As an outcome, transaction charges are lower and theoretically, transactions are speedy too. Though, it also means that there’s no single official to make decisions – and you end up having come apart in crypto communities such as the one among BTC and BCH.


We say, usually decentralized for a key reason, though Ripple, one of the bigger cryptocurrencies, for instance, is largely owned by a 1 company.


What is Crypto?


Virtual currencies are defined by their utilization of cryptography – hence the name, this allows greater security. But what’s the Crypto?

Cryptography is a system of encryption that verifies and secures every transaction and therefore the complete currency system. The signature written into each trade record in the block, for instance, is cryptographic. Though, further, to let the virtual currency communities add a given block to block-chain, a puzzle of cryptographic must be solved too.


This is a complex mathematical issue that underwrites the veracity of trade.
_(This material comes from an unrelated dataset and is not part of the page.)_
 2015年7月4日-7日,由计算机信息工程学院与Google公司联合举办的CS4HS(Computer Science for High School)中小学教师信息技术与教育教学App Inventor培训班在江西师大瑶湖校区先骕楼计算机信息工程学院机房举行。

It is the procedure form which virtual currency gets its name.


How Do You Get Crypto or virtual currency?


We have covered what defines a virtual currency. But if you want to get hold of a few, you will need to know how it works.


Before anything else, you’re going to need a virtual currency wallet. Keep in mind that these are digital – but you’re going to have to store them somewhere. That is what a virtual wallet is for – it is just an application that stores Cryptocurrency. Once you’ve one of these, you can get most Cryptocurrencies – including, BTC, ETH, LTC, and BCH – just by purchasing them with fiat currencies.
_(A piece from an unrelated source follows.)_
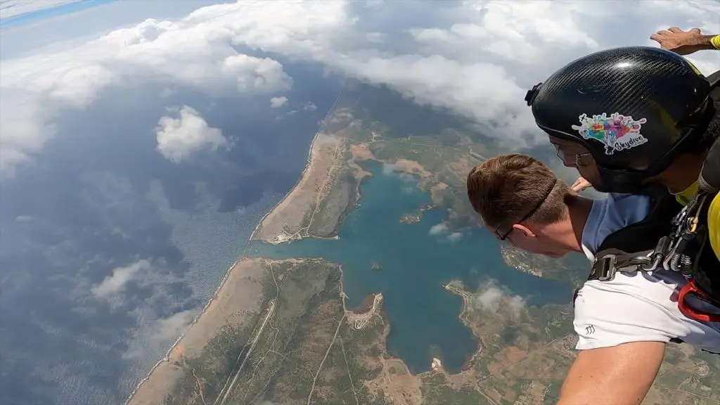 Tijdens het opstijgen en de gehele vlucht zat ik als het ware in de deuropening (met de deur open) en kon ik gewoon naar beneden kijken. Ik zag het hele eiland op een prachtige manier.

But if you’re truly committed, you do not need to invest cash on it. Rather you can become a crypto miner – i.e. somebody who helps to maintain and verify the rest system and its every transaction. With BTC, for instance, you’ll be paid in BTC for your efforts.


Which virtual currency is worth most?


As we mention above, there’re now hundreds of different currencies on the market, since BTC took off back in 2009. Though, some virtual currencies are worth way more than others. According to Coin Market Cap, the top 5 most valuable cryptocurrencies at the time of writing are BTC, ETH, XRP, Tether, and BCH. Though, if the total value of virtual currencies is presently over 200 Billion USD, the worth of the vastly dominant BTC makes up over 60 percent of that total.


Bottom line


Virtual currencies are changing the way we know the modern time economic systems to be. It’s becoming a common, each day conversation and is constantly being covered by the majority of news of late. It’s vital to stay abreast of this tech which is likely to change the future of economics as we know it to be.


We hope this “An Introduction To cryptocurrency” helped you get a basic grip on what virtual currencies are and how they feature. Keep following this for a detailed explanation of other vital aspects of virtual currencies.